Specifies a type of speculative decoding without draft model.

Type	Description
`none`	No speculative decoding (default)
`ngram-cache`	Use n-gram cache lookup
`ngram-simple`	Use simple n-gram pattern matching
`ngram-map-k`	Use n-gram pattern matching with n-gram-keys
`ngram-map-k4v`	Use n-gram pattern matching with n-gram-keys and up to four m-gram values (experimental)
`ngram-mod`	Use basic ngram hasher for speculative decoding with shared pool

Example: Server-instance used to refactor source code.

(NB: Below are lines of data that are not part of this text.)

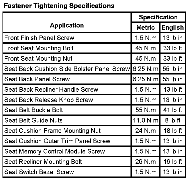 Seats: Specifications
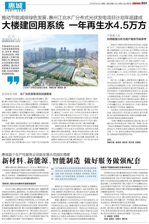 走读新质生产力 节能减排与企业的可持续发展息息相关。近年来,惠城区充分结合实际,采取措施深入开展节能降碳工作。惠城区的企业积极践行绿色运营理念,通过技术创新提升节能减排效果,在经济发展中促进绿色
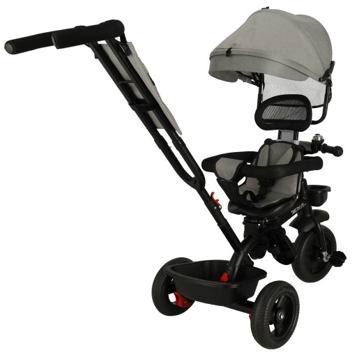 W zależności od waszych sił i potrzeb rower trójkołowy możesz pchać za wygodną, szeroką rączkę, która pozwala nawet na skręcanie przednim kołem, aby ruch był jak najlżejszy, lub Twoje dziecko może samodzielnie jechać, korzystając z pedałów zamontowanych na przednim kole!
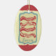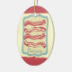 Retrai o cozinhar do café da manhã ou série de panificação Os enfeites da árvore de Natal para decoração saborosa! Este é um bacon delicioso, com 4 tiras sobre um fundo decorativo vermelho e azul.
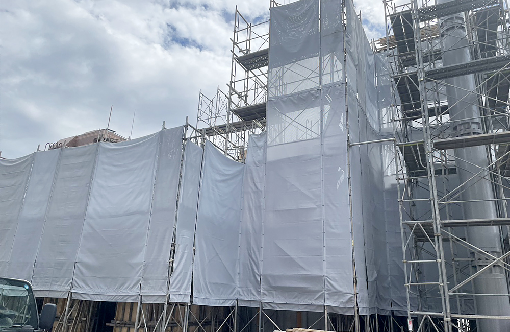 施設の内装・外装の修繕工事のための足場組立工事です。
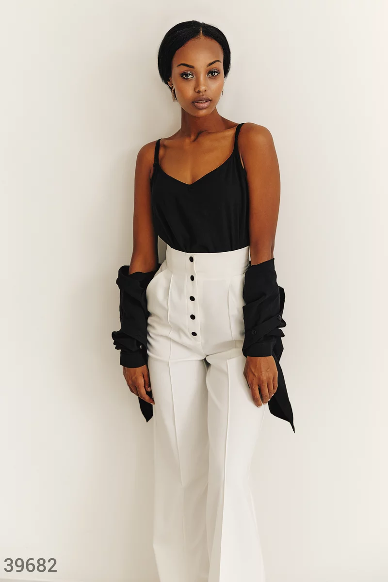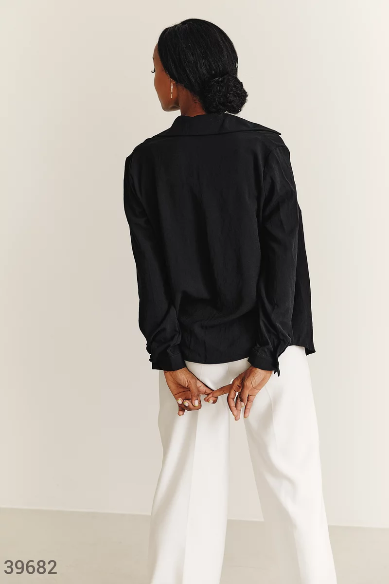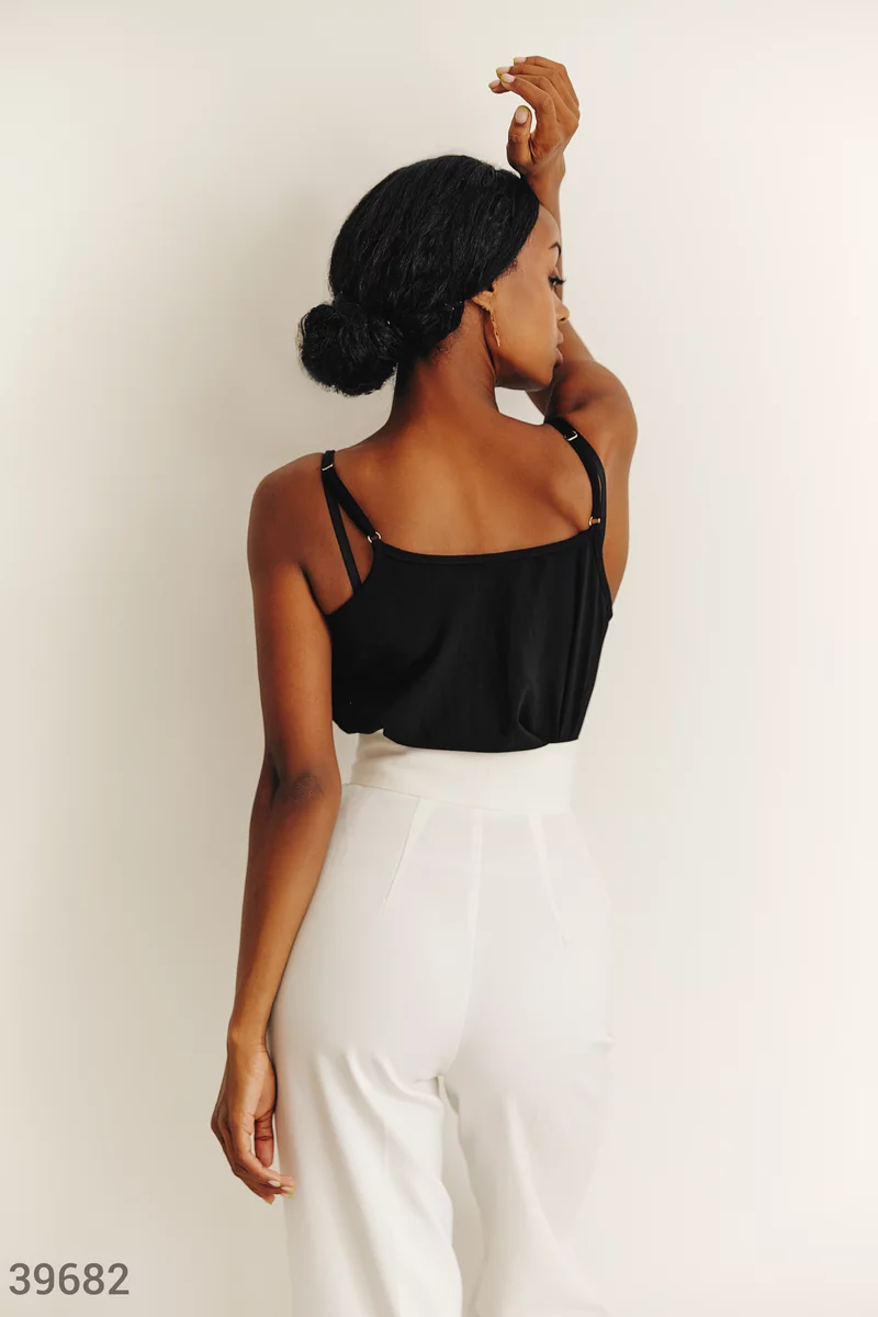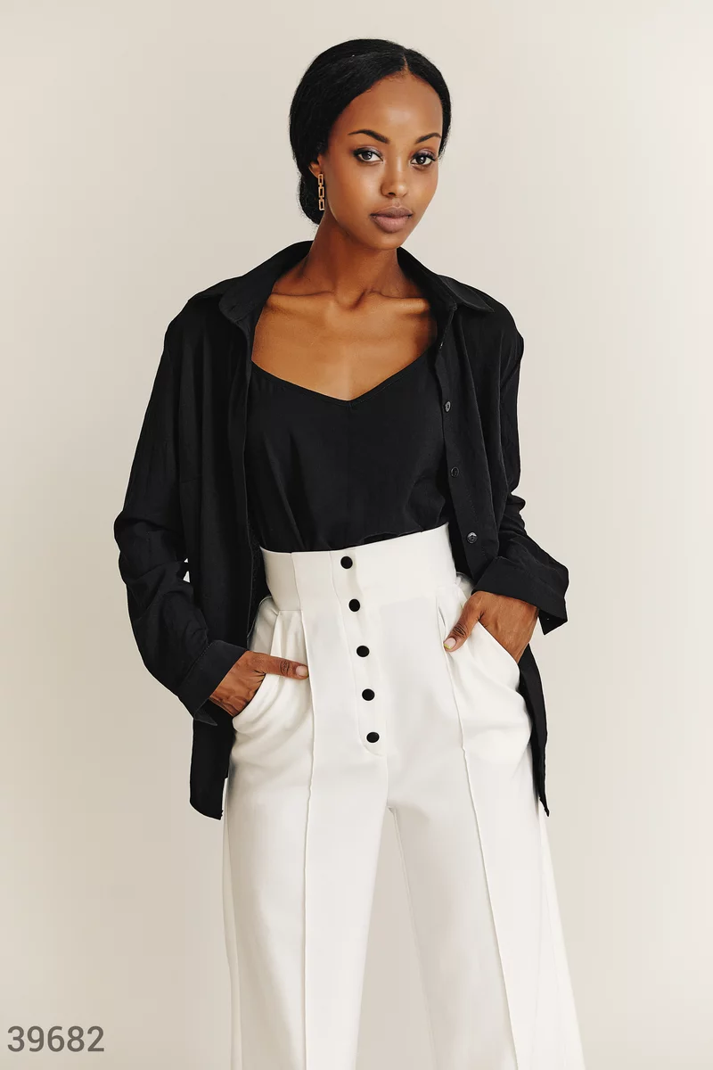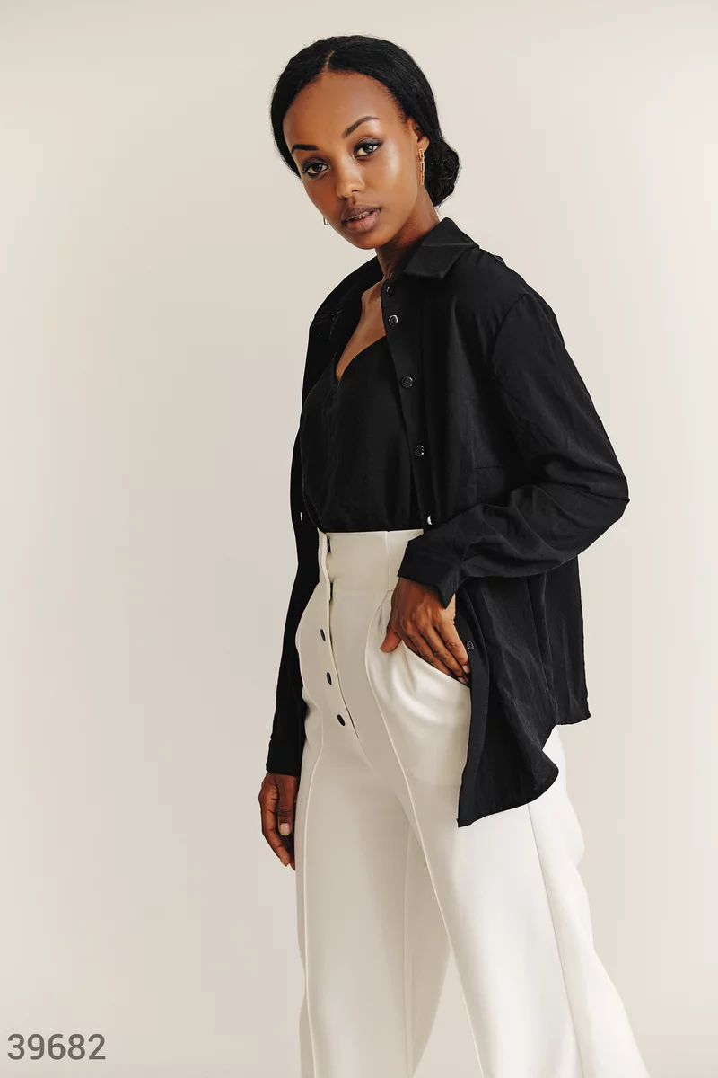Комплект из топа и рубашки черного цвета. Рубашка на пуговицах с длинным рукавом, тонкими манжетами, с отложным воротником. Топ прямого кроя на тонких регулируемых бретелях, с открытой спиной. Благодаря универсальности вещей из можно носить как вместе, так и по отдельности, что поможет создавать множество образов.

./llama-server [...] --spec-type ngram-simple

draft acceptance rate = 0.57576 (  171 accepted /   297 generated)
statistics ngram_simple: #calls = 15, #gen drafts = 5, #acc drafts = 5, #gen tokens = 187, #acc tokens = 73
statistics draft: #calls = 10, #gen drafts = 10, #acc drafts = 10, #gen tokens = 110, #acc tokens = 98

draft acceptance rate = 0.70312 (   90 accepted /   128 generated)
statistics ngram_mod: #calls = 810, #gen drafts = 15, #acc drafts = 15, #gen tokens = 960, #acc tokens = 730, dur(b,g,a) = 0.149, 0.347, 0.005 ms

statistics ngram_map_k: #calls(b,g,a) = 6 1690 26, #gen drafts = 26, #acc drafts = 26, #gen tokens = 1248, #acc tokens = 968, dur(b,g,a) = 2.234, 1.427, 0.016 ms

#calls(b,g,a): number of calls of begin (new prompt), generation and accumulation of this implementations
#gen drafts: number of drafts generated by this implementation
#acc drafts: number of drafts accepted (partially) by the main model
#gen tokens: number of tokens generated by this implementation (including rejected tokens)
#acc tokens: number of tokens accepted by the main model
`dur(b,g,a): durations of begin (new prompt), generation and accumulation (process acceptance).